我20年后的论文:呼气末正压对人体右心室功能的影响。
My paper 20 years later: Effect of positive end-expiratory pressure on right ventricular function in humans.
作者信息
Pinsky Michael R
机构信息
Department of Critical Care Medicine, University of Pittsburgh School of Medicine, 606 Scaife Hall, 3550 Terrace Street, Pittsburgh, PA, 15261, USA,
出版信息
Intensive Care Med. 2014 Jul;40(7):935-41. doi: 10.1007/s00134-014-3294-8. Epub 2014 Apr 24.
INTRODUCTION
In 1992, we published a report on the effect of positive end-expiratory pressure (PEEP) on right ventricular (RV) function in humans.
RESULTS
We measured RV volumes and pressures and pericardial pressure (Ppc) as PEEP was increased from zero to 15 cm H20 in 12 patients after thoracotomy, using a pulmonary arterial catheter equipped with a rapid responding thermistor that allowed measurement of RV ejection fraction (RVef), while Ppc was measured via a pericardial balloon catheter. RV end-diastolic volume (EDV) was estimated as the ratio of stroke volume (SV) to RVef, whereas RV end-systolic volume (ESV) were estimated as RV EDV-SV. PEEP increased Ppc and Pra, but RVef unaltered. There was no relation between either RV filling pressure (Pra-Ppc) and EDV or the change in RV filling pressure and EDV, although EDV varied significantly with PEEP (p < 0.05). The relations between EDV and both SV and RVef were weak (r = 0.54 and 0.55, respectively). RVef varied inversely with ESV (r = -0.77), although it showed no relation to transmural peak pulmonary artery pressure (r = 0.28). However, both absolute and relative changes in EDV corresponded closely with respective ESV values (r = 0.94). We concluded that EDV varies independently of changes in filling pressure and that changes in ESV occur independently of changes in ejection pressure.
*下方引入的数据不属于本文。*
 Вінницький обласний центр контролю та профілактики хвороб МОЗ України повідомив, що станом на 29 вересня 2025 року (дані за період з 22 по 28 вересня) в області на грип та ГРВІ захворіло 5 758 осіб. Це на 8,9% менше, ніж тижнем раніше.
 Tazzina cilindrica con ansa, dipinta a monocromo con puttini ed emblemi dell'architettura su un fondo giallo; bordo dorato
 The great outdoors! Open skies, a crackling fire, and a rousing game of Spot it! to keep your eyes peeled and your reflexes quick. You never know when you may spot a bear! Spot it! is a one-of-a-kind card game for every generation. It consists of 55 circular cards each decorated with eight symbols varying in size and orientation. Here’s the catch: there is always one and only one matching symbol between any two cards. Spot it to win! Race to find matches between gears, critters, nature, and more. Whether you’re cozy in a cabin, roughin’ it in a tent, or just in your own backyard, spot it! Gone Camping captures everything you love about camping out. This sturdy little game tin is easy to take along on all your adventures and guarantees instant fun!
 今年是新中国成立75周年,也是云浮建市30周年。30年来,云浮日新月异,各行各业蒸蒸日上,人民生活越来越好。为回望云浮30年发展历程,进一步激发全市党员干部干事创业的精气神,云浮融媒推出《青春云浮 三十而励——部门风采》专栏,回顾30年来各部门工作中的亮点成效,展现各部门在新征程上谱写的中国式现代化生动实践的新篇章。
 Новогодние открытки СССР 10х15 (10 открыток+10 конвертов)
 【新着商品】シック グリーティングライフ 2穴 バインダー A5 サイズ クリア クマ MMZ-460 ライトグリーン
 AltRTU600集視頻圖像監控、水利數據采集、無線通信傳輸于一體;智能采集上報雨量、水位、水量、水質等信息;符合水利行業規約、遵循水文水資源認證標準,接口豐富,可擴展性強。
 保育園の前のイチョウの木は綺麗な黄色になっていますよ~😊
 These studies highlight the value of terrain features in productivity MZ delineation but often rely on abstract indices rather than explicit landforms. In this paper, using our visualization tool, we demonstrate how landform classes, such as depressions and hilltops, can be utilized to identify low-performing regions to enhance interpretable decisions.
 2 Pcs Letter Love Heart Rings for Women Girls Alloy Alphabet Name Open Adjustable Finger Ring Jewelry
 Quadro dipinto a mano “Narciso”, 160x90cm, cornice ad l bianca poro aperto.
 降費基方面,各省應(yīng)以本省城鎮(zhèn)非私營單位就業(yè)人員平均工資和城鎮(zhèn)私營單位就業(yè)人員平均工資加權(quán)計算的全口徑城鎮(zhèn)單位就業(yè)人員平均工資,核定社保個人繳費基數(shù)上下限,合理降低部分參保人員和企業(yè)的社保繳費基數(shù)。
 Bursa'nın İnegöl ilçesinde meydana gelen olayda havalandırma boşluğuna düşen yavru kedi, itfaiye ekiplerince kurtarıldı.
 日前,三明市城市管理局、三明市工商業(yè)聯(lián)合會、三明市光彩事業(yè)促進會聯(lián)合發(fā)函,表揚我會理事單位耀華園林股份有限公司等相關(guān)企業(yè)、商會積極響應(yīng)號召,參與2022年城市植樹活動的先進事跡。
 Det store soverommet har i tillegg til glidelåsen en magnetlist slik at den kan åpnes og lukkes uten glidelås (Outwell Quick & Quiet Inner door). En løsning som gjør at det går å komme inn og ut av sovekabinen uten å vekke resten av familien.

These data can be explained by assuming that the RV shape changes can dissociate changes in RV EDV from changes in RV wall stress (preload). Thus, changes in RV EDV may or may not alter SV but should proportionately change ESV to a degree dependent on election pressure and contractility.
CONCLUSIONS
Subsequent studies confirmed our findings which can be summarized as 1) RV filling is independent of Pra; thus central venous pressure cannot be used to estimate RV preload; and 2) for cardiac output to increase by the Starling mechanism the RV must dilate increasing RV ESV. Since the pericardium limits absolute biventricular volume, there is a finite limit to which cardiac output can increase by the Starling mechanism defined not by left ventricular contractility but by RV function. And 3) if fluid loading causes Pra to increase without increasing cardiac output, then resuscitation should stop as the patient is going into acute cor pulmonale. These truths help bedside clinicians understand the echocardiographic and hemodynamic signatures of both RV failure and volume responsiveness.
引言
1992年,我们发表了一篇关于呼气末正压(PEEP)对人体右心室(RV)功能影响的报告。
结果
在12例开胸术后患者中,当PEEP从零增加到15 cm H₂O时,我们使用配备快速响应热敏电阻的肺动脉导管测量右心室容积和压力以及心包压力(Ppc),该热敏电阻可用于测量右心室射血分数(RVef),而Ppc通过心包球囊导管测量。右心室舒张末期容积(EDV)通过每搏量(SV)与RVef的比值估算,而右心室收缩末期容积(ESV)通过RV EDV - SV估算。PEEP使Ppc和中心静脉压(Pra)升高,但RVef未改变。尽管EDV随PEEP有显著变化(p < 0.05),但右心室充盈压(Pra - Ppc)与EDV之间或右心室充盈压变化与EDV之间均无关联。EDV与SV和RVef之间的关系均较弱(r分别为0.54和0.55)。RVef与ESV呈负相关(r = -0.77),尽管它与跨壁肺动脉峰值压力无关联(r = 0.28)。然而,EDV的绝对变化和相对变化均与各自的ESV值密切相关(r = 0.94)。我们得出结论,EDV的变化独立于充盈压的变化,ESV的变化独立于射血压力的变化。这些数据可以通过假设右心室形状变化可使右心室EDV的变化与右心室壁应力(前负荷)的变化相分离来解释。因此,右心室EDV的变化可能会也可能不会改变SV,但应按比例改变ESV,其程度取决于射血压力和收缩力。
结论
后续研究证实了我们的发现,可总结为:1)右心室充盈独立于Pra;因此中心静脉压不能用于估计右心室前负荷;2)为使心输出量通过Starling机制增加,右心室必须扩张,增加右心室ESV。由于心包限制了双心室的绝对容积,心输出量通过Starling机制增加存在有限的限度,该限度不是由左心室收缩力而是由右心室功能决定。3)如果液体负荷导致Pra升高而心输出量未增加,那么当患者进入急性肺心病时应停止复苏。这些事实有助于床边临床医生理解右心室衰竭和容量反应性的超声心动图及血流动力学特征。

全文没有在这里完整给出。